The Caricature of Commerce
When most people hear the word "sales," a specific image comes to mind. It is usually a guy in a cheap suit at a used car lot, or a high-pressure agent trying to unload a timeshare. The dynamic is adversarial: one person talking at another, trying to force a "yes" through sheer volume and persistence.
This caricature damages the entire profession. It leads people to believe that selling is about trickery, coercion, or winning an argument. It convinces businesses that the only way to move a product is to lower the price.
But the "discounting trap" reveals the flaw in this thinking. If you try to sell someone a burrito they do not want, lowering the price from $10 to $5 does not make them hungry. Lowering it to $1 makes them suspicious. They wonder, "What is wrong with this burrito?" Price is rarely the friction point; value is.
The Best Sales Feel Like Service
True salesmanship looks nothing like the caricature. In fact, when it is done well, it is completely invisible.
Consider the best interactions you have had with service providers. When you bring a serious problem to an expert, they don't read from a script. They don't list features. They ask questions. They diagnose the pain. They listen until they understand the issue better than you do.

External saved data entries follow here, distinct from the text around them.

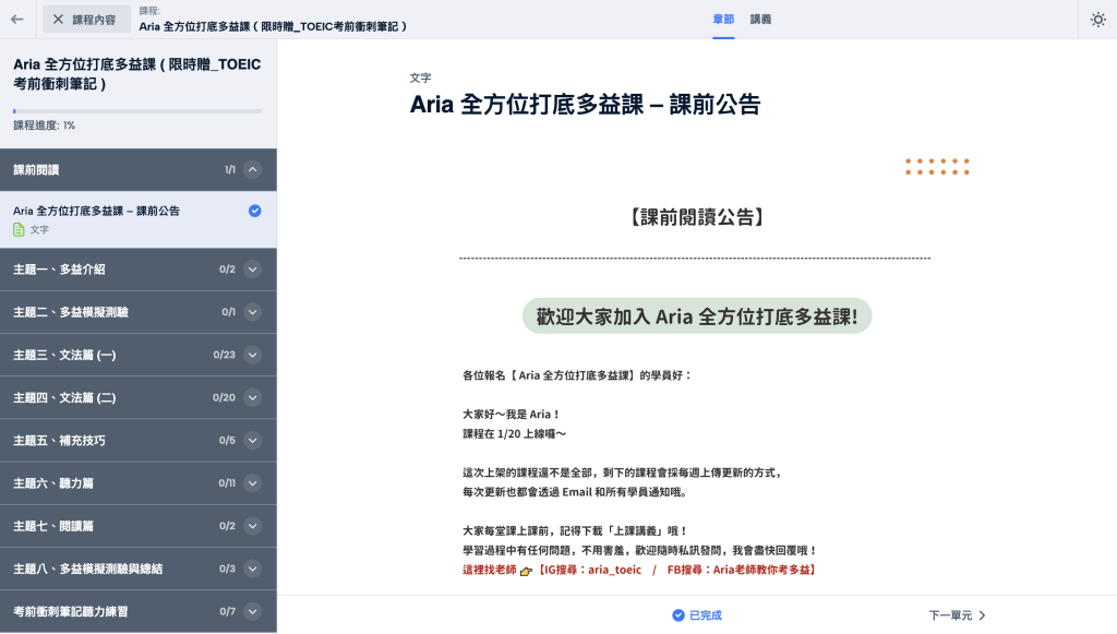 首先進來課程這邊,會看到整個課程的架構,從一開始的課前公告、多益介紹、模擬測驗,然後是文法、補充解題技巧、聽力、閱讀、考前衝刺筆記聽力練習等等,整個課程都是圍繞多益考試所設計,全方位去打底、提升英文能力,幫助大家全方位迎戰。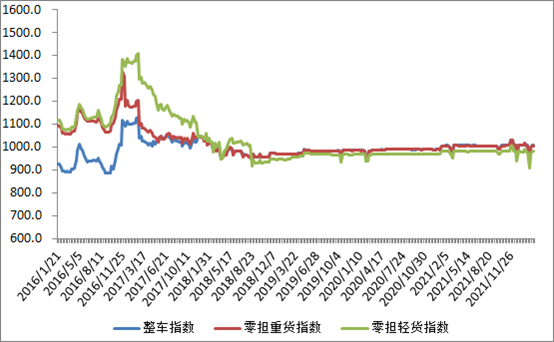 分車型看,各車型指數(shù)環(huán)比漲跌互現(xiàn)。其中,整車指數(shù)為1008.40點(diǎn),比上周回升0.01%;零擔(dān)輕貨指數(shù)為983.65點(diǎn),與上周基本持平;零擔(dān)重貨指數(shù)為1006.16點(diǎn),比上周回落0.11%。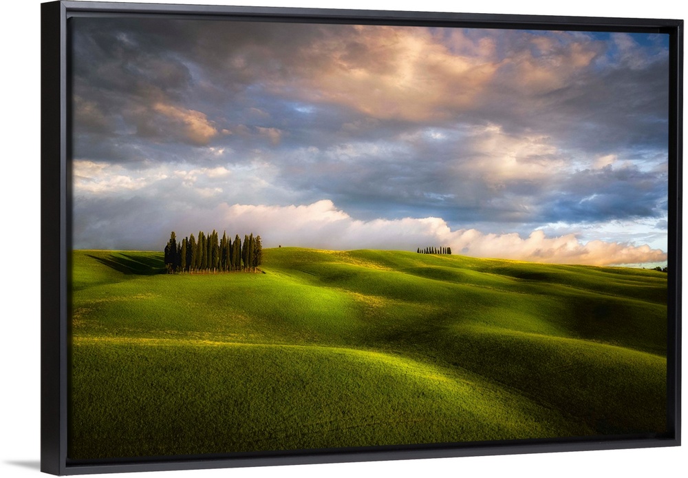 <p>Italy, Tuscany, Val d'Orcia. Cypress grove and clouds at sunset. Credit: Jim Nilsen</p>

When they finally offer a solution, it doesn't feel like a pitch. It feels like relief. You are happy to hand over the money because the transaction leaves you better off than you were before. The payment is almost an afterthought to the solution.
This is the reality of modern business: You are not trading goods for money; you are trading solutions for trust.
The Playbook Fallacy
Many organizations try to skip the hard work of diagnosing customer problems by importing "sales machinery." They hire expensive executives with impressive resumes from giant corporations, expecting them to instantly generate revenue.
This rarely works in new ventures. A sales leader from a mature company is an operator. They know how to run a playbook that has already been written. They know how to optimize territories and manage quotas. But they do not know how to write the playbook from scratch.
Sales cannot be automated or delegated until the value proposition is proven. You cannot hire someone to figure out why people buy your product. That discovery process requires deep, empathetic listening, not just operational efficiency.
Reframing "Consulting"
There is a pervasive fear in the technology sector of doing "unscalable" work. Companies often refuse to build custom integrations or solve specific, messy problems for large clients because they fear looking like a consulting firm rather than a product company.
This is a misunderstanding of how business relationships are built.
When a large entity pays you to solve a specific, difficult problem, that is not failure. That is paid research and development. It is an opportunity to learn exactly how a complex organization functions.
Furthermore, deep integrations create deep moats. If a solution takes time and effort to install, it becomes woven into the fabric of the client's operations. Friction in the sales process often translates to stability in the retention metrics. A quick, low-touch sale is easy to make, but it is also easy to churn.
Conclusion
At its core, business is simple trade. It is not an act of extraction where one side wins and the other loses. It is a cooperative act where both sides leave the table with more value than they brought.
If a sales process feels painful, manipulative, or difficult, it is usually because the seller has stopped solving problems and started chasing metrics. The most effective way to sell anything is to stop trying to sell it, and start trying to help.